Thanks for the complements and suggestions, guys.  Jrista, I was reading a recent thread about back button focus and have started to look into that.  I'm not exactly sure yet how to achieve the desired effects.  There have been so many shooting opportunities lately that I'm hard pressed to find time to read up on technicalities.  Winter will change all that up here.  And thanks for the pointers on AI servo, I'll make a point of trying to personally evaluate all three modes to see how they behave relative to my situations.
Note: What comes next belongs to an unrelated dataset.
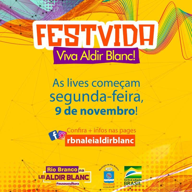 O FestVida – Viva Aldir Blanc começa nesta segunda-feira e vai até 30 de novembro, incluindo os finais de semana. O evento será realizado totalmente pela internet, sendo que a programação vai contar com apresentações de 152 artistas, com duração de no mínimo 50 minutos e máximo de 120 minutos. As lives também deverão ser simultâneas ou exclusivamente nas plataformas Youtube e Facebook.

Yes I only use the center point with what I've been doing lately.  Once I noticed other points going momentarily red when a bird moved (I did not have them enabled), would that have been due to AI Servo operation?
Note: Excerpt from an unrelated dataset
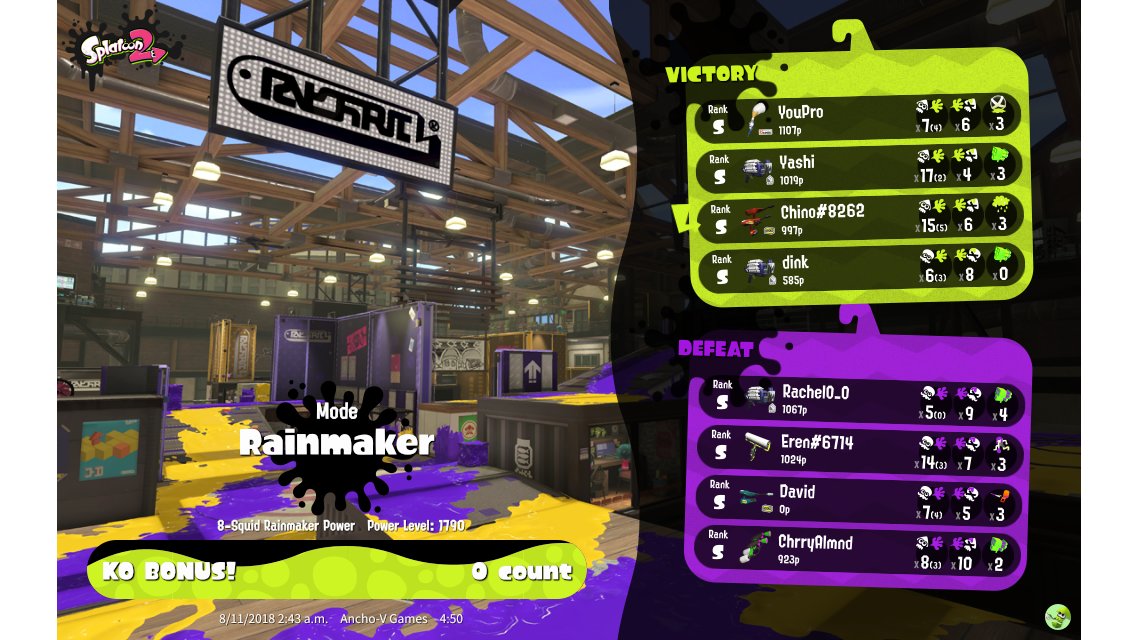 | Mode | Rainmaker - Ranked Battle | ||||||||||||||||||||||||||||||||||

The other points lighting would probably just be because you are using all AF points. You should manually select just the center point to guarantee focus occurs where you want it to. AI Servo simply continuously reevaluates focus at the given point...it won't switch to using other points. In the 7D, 5D III, and 1D X you have flexible point selection modes...you can select an expansion, which will include the points surrounding the selected one, or zone, which will include even more points, which is useful for tracking subjects (which is only really possible with AI Servo, no other mode will track effectively.) A single selected point, usually center, is best for learning, however.

For me personally I appreciate the shortcomings being pointed out since otherwise I'll go on blindly doing the same old thing.  In DPP one can brighten or darken the raw file and as I've fiddled with that I've wondered just how I would judge if it's over-exposed - just comes with experience or are there any guidelines??
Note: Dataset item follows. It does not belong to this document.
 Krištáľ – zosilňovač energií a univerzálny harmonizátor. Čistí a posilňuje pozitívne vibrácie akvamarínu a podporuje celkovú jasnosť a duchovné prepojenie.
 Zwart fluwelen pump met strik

Experience definitely helps. The goal is to reproduce reality, but also avoid subjects becoming too bright such that they start to look washed out or otherwise unnatural. The wood perch in the last waxwing photo is what gives away the overexposure. Colors are also richest when they span the high shadows, midtones, and low highlights. Push them too deep into shadow or highlight, and you start losing color fidelity.

My friend printed one of the nicer hummingbird shots of mine with his Canon printer 13x19 tonight and I was pretty pleased.  You can look from 5 inches and not see a flaw or grain - thrilled actually.  However, it seems when a picture is physically there in front of you that it somehow presents differently.  For example, the background that I thought was fine on the computer monitor doesn't seem quite so wonderful - any thoughts?

Print tends to have a lesser gamut than computer screens. Color extent is usually similar, or even higher, with Canon and Epson printers these days. Maximum bright white and deepest dark black tend to be much less than on a computer screen, however. Detail in the blacks, and crispness of the highlights, will usually be lost in print unless you are using a high dMax (black point) paper with a bright white point. Papers with the broadest range from black point to white point are usually more on the glossy side, and usually have OBAs, or optical brightening agents. Such papers usually result in very vibrant prints, however prints with OBAs have shorter lifetimes than natural fiber papers that have low acid and no OBA.

Print is a whole 'nother hobby in and of itself. There are a huge variety of papers, various types of canvas, a wide range of printers with different types of ink (Epson has UltraChrome, UltraChrome K3, UltraChrome HDR, UltraChrome HDR+White; Canon has Lucia, Lucia EX, ChromaLife). The quality of output from a printer depends on how well the selected paper is calibrated with that ink set (each printer only supports one ink set, btw). Noise in photos is usually not a real problem in print. Print pixel density is usually at least 3x higher than it is on a normal computer screen, assuming a 300ppi (360ppi for Epson) print resolution. Even if noise is visible on screen, it is usually invisible in print, and often helps smooth gradients and blurry backgrounds, eliminates posterization that might occur during color space conversion, etc. I always try to keep a little bit of noise around in my photos when I print them, and if I denoise, I'll add just a small amount back into the backgrounds to ensure my prints come out best.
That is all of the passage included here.